How exactly do you define sculpture? According to artist Lawrence Weiner, even the sentence you choose to explain it with can, itself, be thought of as part of the form. Weiner questions the traditional distinction between the construction of language and of fabricated objects, suggesting that the way we build phrases has as much craft to it as carving or casting. By giving words a material reality, by printing them onto a wall in bold, blocky fonts, Weiner asks his audience to consider words as objects – and, implicitly, to contribute to their design by working out what exactly they might mean, and how to say them. Words are more malleable than marble, or wood, in this sense; depending on where you put the emphasis, the shape of a sentence can change completely.
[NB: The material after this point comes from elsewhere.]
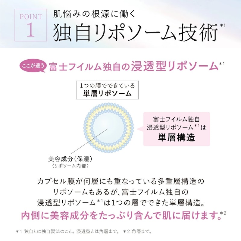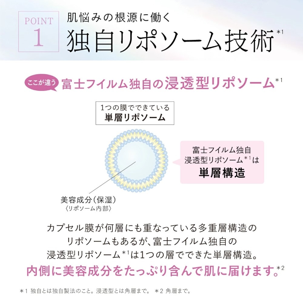 独自の浸透型リポソーム*3が、美容成分を放出し、肌に素早くなじみます。

Airy rooms, elegant arches and a beautifully tessellated parquet floor
It’s an inclusive approach that alters the relationship between artwork and viewer – which might be one of the reasons why the Bury Sculpture Centre chose Weiner as part of their opening exhibition. The team behind this art space, decided to debut its wide, airy rooms, elegant arches and beautifully tessellated parquet floor by hosting Text Festival, an event exploring contemporary language art. It’s not, perhaps, the most obvious place for the centre to start; with an exhibition that challenges received ideas of what can be thought of as sculpture. Or maybe it is – by being daring, and inventive, the Bury Sculpture Centre immediately sets itself apart. With a Public Typing Pool of manual typewriters on long trestle tables and an artist residency fostering a community writing project, not to mention an opening weekend of performances including poetry and live art, the venue has revelled in the unexpected.